Prioritise review of worker status and address false self-employment immediately.

Recommendation
While the Committee welcomes the Government’s plans to reform worker status and bogus self-employment, it must proceed at pace to turn ambition into action. If it does not, it risks more companies adopting a ‘self-employment’ model for their workforces to side-step the measures in the Employment Rights Bill. In the words of the Director of Labour Market Enforcement, the Government can consult until ‘the cows come home.’ It needs to act now if it wants the Employment Rights Bill to succeed. The Government must prioritise its review of employee, worker and self-employed status immediately, and as a priority address false self- employment, so that these reforms are rolled out alongside commencement of the Employment Rights Bill. (Recommendation, Paragraph 39)
Government Response Summary
The government acknowledges the complexity of the employment status framework and the issue of bogus self-employment but states that consulting on and implementing reforms to create a simpler framework is a longer-term goal that will take time, rather than prioritising it immediately alongside the Employment Rights Bill.
Government Response Deferred
HM Government Deferred
The Government recognises that the UK’s current employment status framework is complex, and that this can cause difficulties for employers, workers, and the genuinely self-employed.
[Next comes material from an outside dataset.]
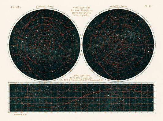 Constellations of the Two Hemispheres 1877 White Modern Wood Framed Art Print with Double Matting by Amedee, Guillemin

This includes its contribution to the rise of so-called ‘bogus’ self-employment. It is unacceptable for any employer to seek to avoid their new or existing obligations, and deny people their employment rights. The Government is aware of the potential for new models of work to proliferate in an attempt to do this and is committed to consulting on reform to employment status. Some reforms in the Plan to Make Work Pay will take longer to undertake and implement, and the Government sees consulting on a simpler employment status framework as a longer-term goal. It will take time to adequately develop and consult on such a far-reaching change to employment law – it is important to get any changes to the employment status framework right.